I love this idea of stewardship and ministry in general as song – a song of deep meaning and purpose in our gut, the multiple melodies of compassion, kindness, humility, meekness, and patience coming together in five-part harmony; a beautiful sound that seeks to resolve the dissonant discord of our lives and our world. Making a joyful noise – a curious juxtaposition, if you think about it, “joyful noise” – as not just our personal commitment to the work and ministry of God’s church, but a testimony to the song that is our very life.

And beloved, the truth of things, if we think about it, is that we are all songwriters – even if we haven’t a clue about music theory, even if we couldn’t tell a treble clef from a bass clef, even if we have zero experience playing a musical instrument. We are all songwriters. And along with that, we are singers – even if we don’t know how to carry a tune, even if we aren’t sure what part to sing. We are songwriters, we are singers, simply by virtue of the fact that we are part of the larger musical masterpiece that God has been composing since the foundation of the world. We have our part to sing; we have our own special song to add to that masterpiece.

And so perhaps the question that you and I should ponder this day and in the days to come is this: what is the song that you long to write with your life? What is the song that you long to write with your life? Where does your passion lie? What gets you out of bed in the morning and gives you what you need to go through your day? How do compassion, kindness, humility, meekness, and patience serve as a foundation for the lovely song you’re in the process of writing with your very life?

And what is it that makes your heart sing? What brings you joy; what inspires you? Where do you find deep meaning and purpose – is it in family? Friends? A desire to see the world made a better place? A passion for letting that love fill up your life and the lives of those around you?
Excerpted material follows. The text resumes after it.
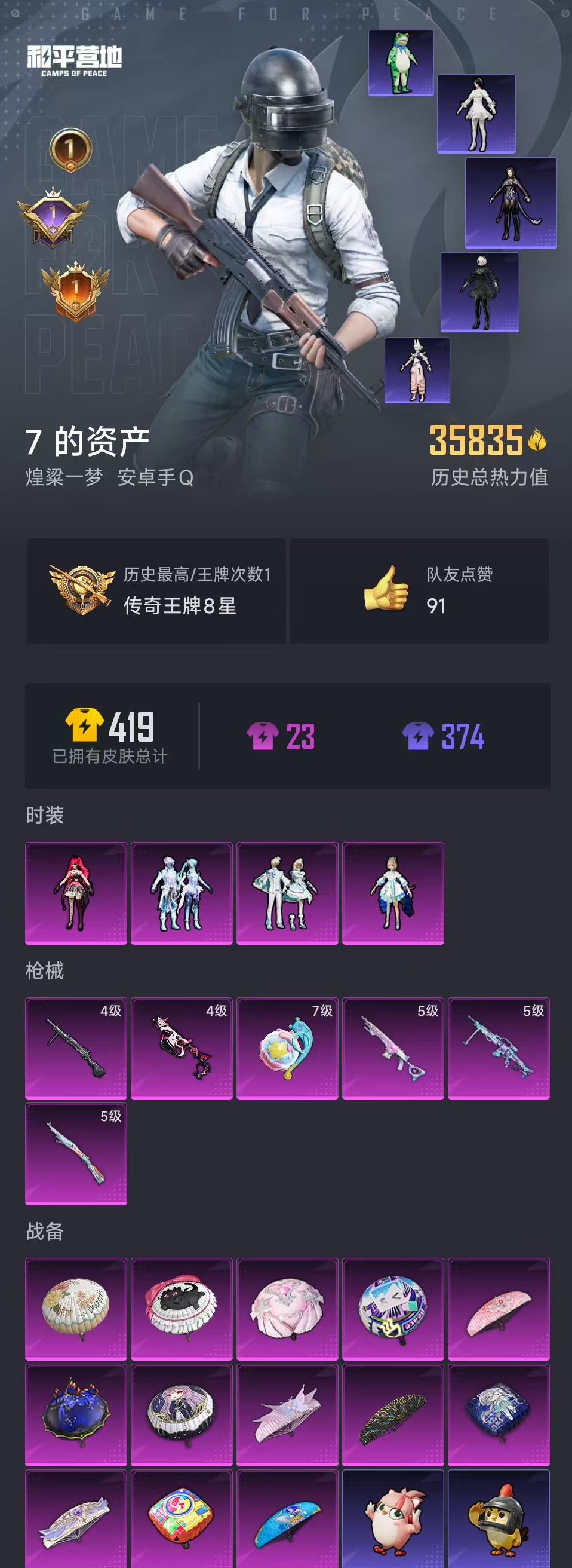 【和平精英】【lyhp19353】地铁满天赋 4粉装6特效呛 洛天依 绯红魔姬 满级手蕾 4粉装,6特效呛,0载具,历史最高段位:传奇王牌8星 王牌印记1次 热力值:35835,77套装,122呛械,145装备,62战备;套装:角色-洛天依,角色-绯穹魔姬,套装-雪月幻音,套装-幻彩电音,套装-特训学院,套装-竞技名士,套装-湖蓝色名流,套装-猛禽,套装-长空猛禽,套装-魅力单车,套装-破晓战魂,套装-滨海厨神,套装-龙魂突击队,套装-元素星魂,套装-极速红龙,套装-破蛋小黄鸡,套装-淡雅花蕊,套装-霓虹街区,套装-战术大师,套装-耀粉歌者,套装-热情海星,套装-纯真浪花,套装-天籁歌者,套装-星梦畅游,套装-光之冒险,套装-绯格组合,套装-ss23特训,套装-香榭午后,套装-王牌教练,套装-柠萌假日,套装-ss24特训,套装-ss25特训,套装-惊鸿侠骨,套装-锦衣飞扬,角色-2b战斗服款,角色-2p战斗服款,套装-龙的传人,套装-冰河战士,套装-ss26特训,套装-快闪甜心,套装-春光漫游,套装-漫游都市,套装-空岛之星,套装-ss28特训,套装暗影刺翼,玩偶服-卖崽青蛙,角色-银尘,套装-海盐绵绵冰,套装-创世·追猎,角色-无面战甲,套装-先驱飞行员,角色-俏兔智灵,角色-夜瞳黯灵,角色-绛羽幽主,套装-ss31特训,套装-鱼渊荷华,套装-燕燕于飞,套装-智谋强哥,套装-ss33特训,套装-云朵鹅,套装-巳巳如意,套装-ss32特训,套装-彩虹兔,套装-顶瓜瓜,套装-雪绒豹,角色-蛇蝎美人,套装-极速光影,角色-灵公主,套装-霓虹热舞,套装-元气之梦,套装-ss34特训,套装-擎苍青焰,套装-朱霞炽焰,套装-游乐,套装-凌霄紫焰,套装-薄荷星砂,套装-ss35特训;呛皮:m416-糯团青竹,m416-璀璨流光,m762-天降萌叽,m762-云朵鹅,akm-破晓战魂,akm-春暖花开,akm-涂鸦街区,akm-龙的传人,蜜獾-天降萌叽,蜜獾-精灵梦叶罗丽,蜜獾-绯穹魔姬,arx-凌霄紫焰,q-彩虹符号,q-纯真浪花,groza-春暖花开,groza-2b战斗服款,groza-无面战甲,ac-val-乌木金纹,ac-val-快闪甜心,g36c-蛇蝎美人,scar-l-夜灯,scar-l-海盐豹豹,famas-突变脉冲,famas-乌木金纹,aug-耀粉歌者,m200-惊鸿侠骨,m200-乌木金纹,win94-拳皇·狂花道,5级kar98k-巳巳如意,kar98k-星穹咏叹调,莫辛纳甘-乌木金纹,amr-鸡智如我,amr-乌木金纹,m24-幻彩电音,svd-冷漠罗丽,svd-云朵鹅,awm-天降萌叽,awm-纯真浪花,5级mk14-甜梦熊击,mk14-冰河战士,mk14-薄荷星砂,mk14-紫晶流影,mk20-h-莲影清波,mk20-h-快闪甜心,mk20-h-蛇蝎美人,mk20-h-乌木金纹,vss-香桃花海,m417-惊鸿侠骨,m417-玩趣呆呆,slr-霓彩脉冲,mini14-绯穹魔姬,sks-炫彩节奏,汤姆逊-天降萌叽,汤姆逊-纯真浪花,ump45-蓝色火焰,ump45-生命誓言,ump45-春暖花开,uzi-天降萌叽,uzi-冰河战士,4级vect-绯穹魔姬,vect-突变脉冲,vect-创世·救赎,vect-燕燕于飞,p90-快闪甜心,p90-巳巳如意,p90-乌木金纹,野牛-燕燕于飞,野牛-魔童闹海 敖闰,aks-74u-鬼刀,aks-74u-鸡智如我,aks-74u-乌木金纹,mp5k-乌木金纹,js9-凌霄紫焰,dbs-彩虹符号,dbs-圣堂之誓,dbs-创世·救赎,dbs-幻彩电音,dbs-荧海星豚,dbs-乌木金纹,spas-12-燕燕于飞,spas-12-云朵鹅,s12k-玩趣呆呆,aa12-g-炫光之旅,aa12-g-纯真浪花,s686-巳巳如意,m249-破晓战魂,m249-糯团青竹,m249-无面战甲,m249-绯穹魔姬,mg3-乌木金纹,mg3-第五大道,mg3-惊鸿侠骨,4级dp-28-豹影疾电,5级mg-36-幻彩电音,mg-36-凌霄紫焰,电击呛-喜羊羊与灰太狼,沙墨之鹦-快闪甜心,沙墨之鹦-云朵鹅,r45-幻彩电音,p1911-无面战甲,蝎式手呛-燕燕于飞,蝎式手呛-蛇蝎美人,p92-凌霄紫焰,短管霰弹2b战斗服款,tmp-9-未来歌姬,平底锅-惊鸿侠骨,平底锅-快闪甜心,平底锅-空岛之星,平底锅-花傲天,平底锅-纯真浪花,平底锅-凌霄紫焰,大砍刀-云朵鹅,大砍刀-咒蚀之裁,十子怒-燕燕于飞,十子怒-异域银装,盐雾蛋-咒蚀之裁,盐雾蛋-冰氧夏日,7级破片手留单-美味星星糖,破片手留单-呆爆全场,破片手留单-拽到爆炸,破片手留单-巳巳如意,爆炸猎弓-惊鸿侠骨; 详情看图

Friends, I want to invite you to take time in the coming weeks to think about the song that is your life and how you are sharing that song with the world. I invite you to consider the impact your song can have on yourself and on others. I challenge you to think about the ways your song can merge with the melodies of others and create something truly beautiful, spiritual, other-worldly. For we are all songwriters and singers. We are all children of a God who gives us every reason imaginable to sing our hearts out. Thanks be to God for the song we’ve been given. Thanks be to God for the song we get to sing together!

In the name of the Creator, Redeemer, and Sustainer, thanks be to God – and may all of God’s people say, AMEN!

 

 

* Because sermons are meant to be preached and are therefore prepared with the emphasis on verbal presentation, the written accounts occasionally stray from proper grammar and punctuation.

 

[1] John Haughey, S.J., The Conspiracy of God (Garden City, N.Y.: Doubleday, 1973), 35.